Millions on our globe suffer, often shunning medical care and social help, stigmatized in their plight, fearing widespread prejudice, while billions-even a trillion surround them, not assisting, but eager to exile them.  The effort required to eliminate this scourge is many orders of magnitude greater than the campaign that eliminated in vivo smallpox.

 

WHO objectives for leprosy control:

 

(1) Interrupt transmission of the infection, thereby reducing the incidence of disease so that it no longer constitutes a public health problem.

 

(2) Treat patients in order to achieve their cure and where possible, complete rehabilitation.

 

(3) Prevent the development of associated deformities.

 

In recent years, leprosy control programs have faced the problem of emerging secondary and primary resistance of Mycobacterium lepræ to dapsone.  In 1981 the WHO Study Group on Chemotherapy of Leprosy for Control Programmes recommended multidrug regimens for both mulitbacillary (LL) and paucibacillary (TT) patients.  The Scientific Working Group on the Immunology of Leprosy (IMMLEP) has been making progress, but early detection and effective chemotherapy will remain in place for many years. [3]

 

 

 

 

Footnotes and references:

 

[1] Ben Hur: A Tale of the Christ Lew Wallace - 1922 - 522 pages        books.google.com

[2] Koch's postulates of disease causation are:

1) The microorganism must be found in abundance in all organisms suffering from the disease.

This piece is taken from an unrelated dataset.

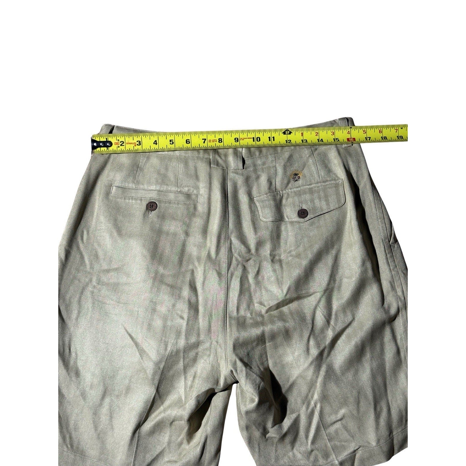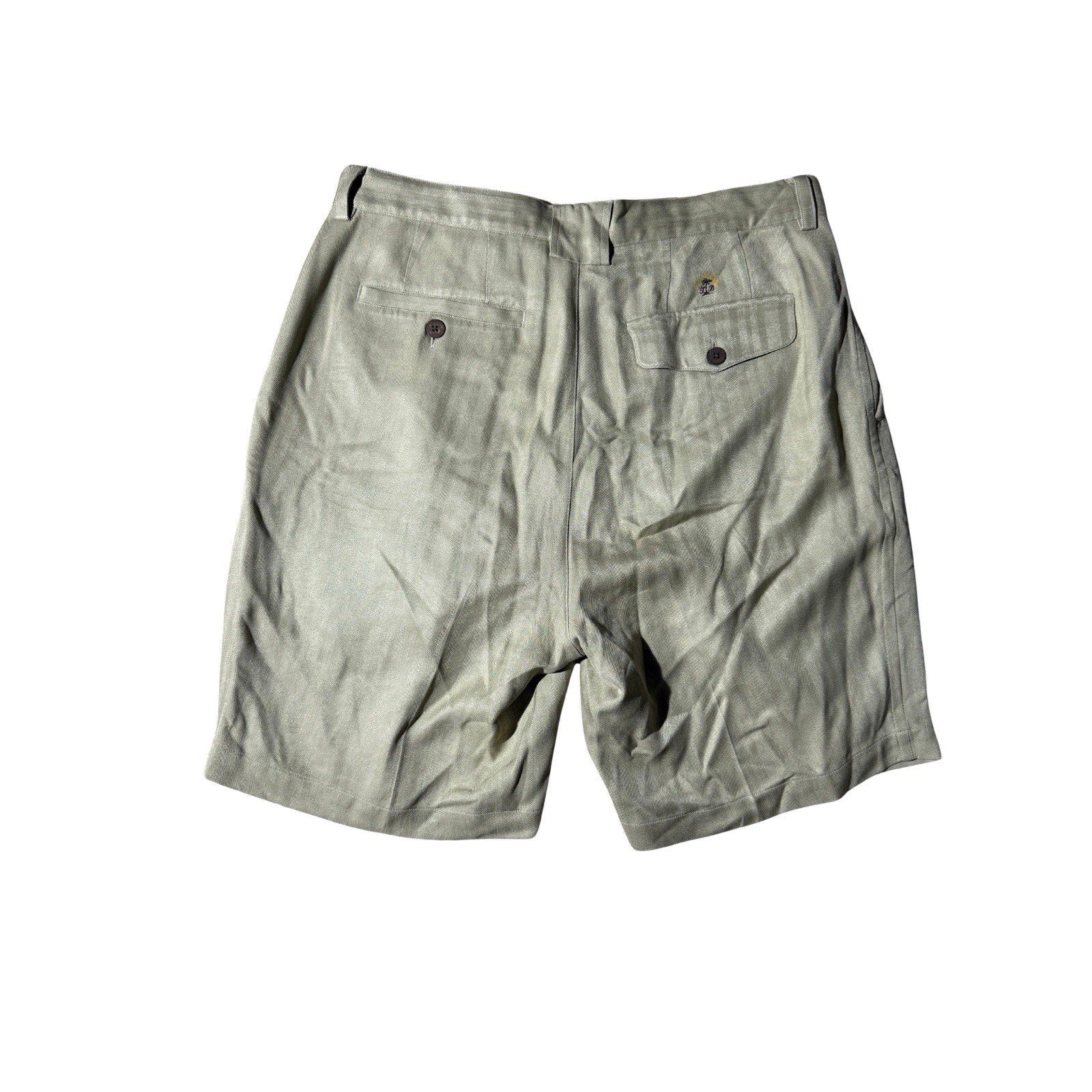 Tommy Bahama men’s silk shorts in a refined gray-green tone, tailored with a pleated front and classic island-inspired design. Crafted from 100% silk for a lightweight, smooth feel with a luxurious drape — perfect for warm-weather comfort and resort style. Features button and zip closure, belt loops, side pockets, and buttoned back pockets.
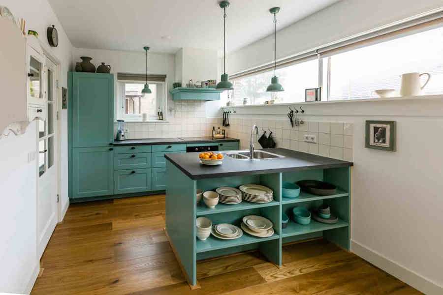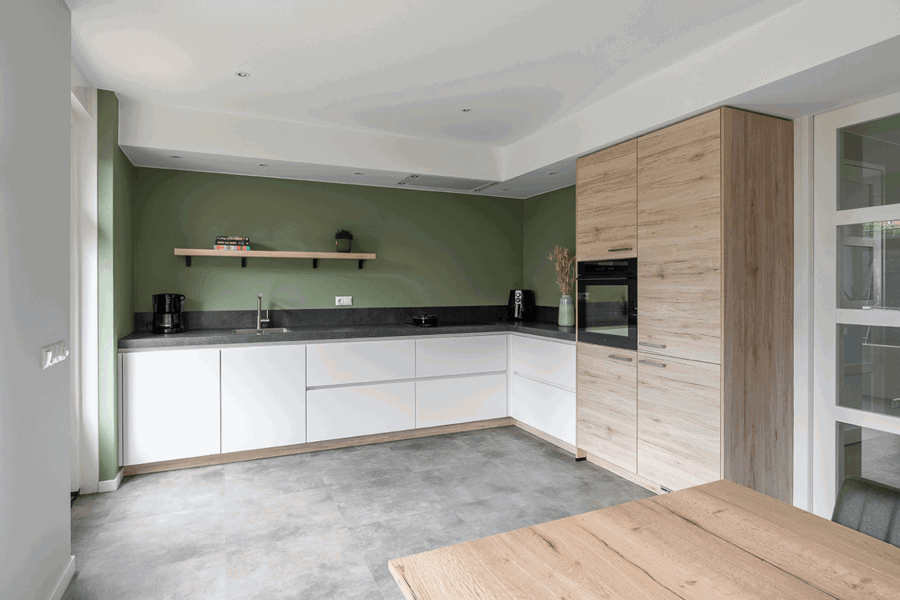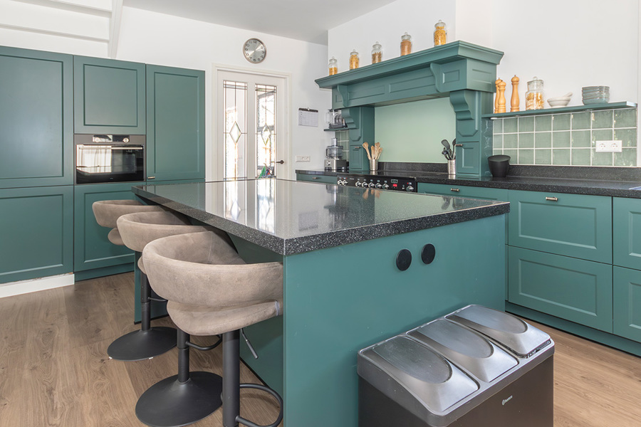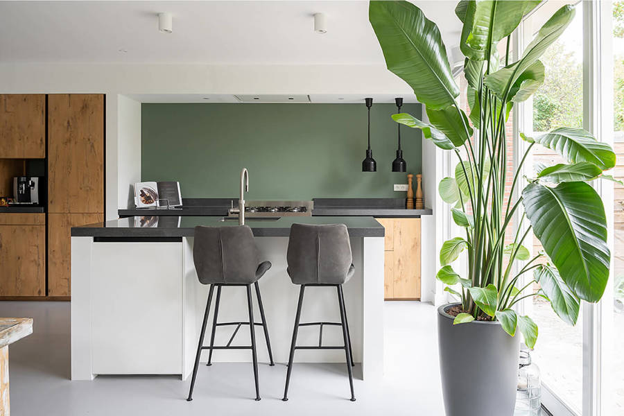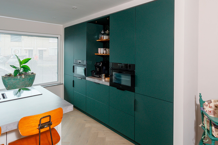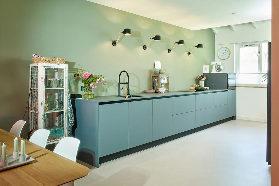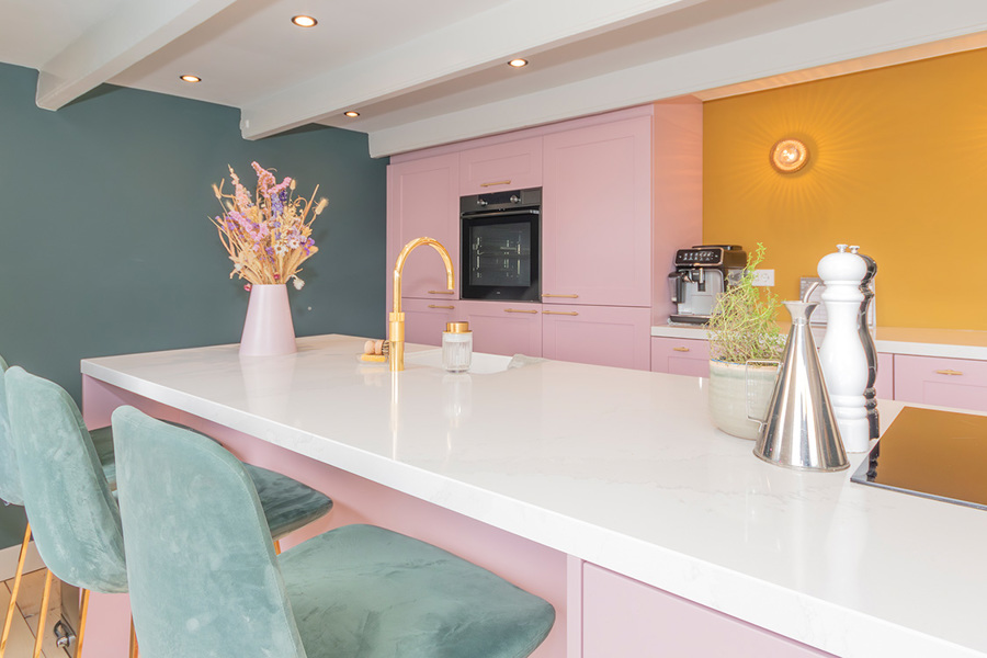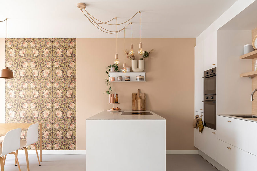Koraalrode keuken, ton sur ton met roze en groen interieur

2) The microorganism must be isolated from a diseased organism and grown in pure culture.

3) The cultured microorganism should cause disease when introduced into a healthy organism.

   4) The microorganism must be reisolated from the inoculated, diseased       

            experimental host and identified as being identical to the original   

         causative agent.

[3] http://whqlibdoc.who.int/trs/WHO_TRS_716.pdf]   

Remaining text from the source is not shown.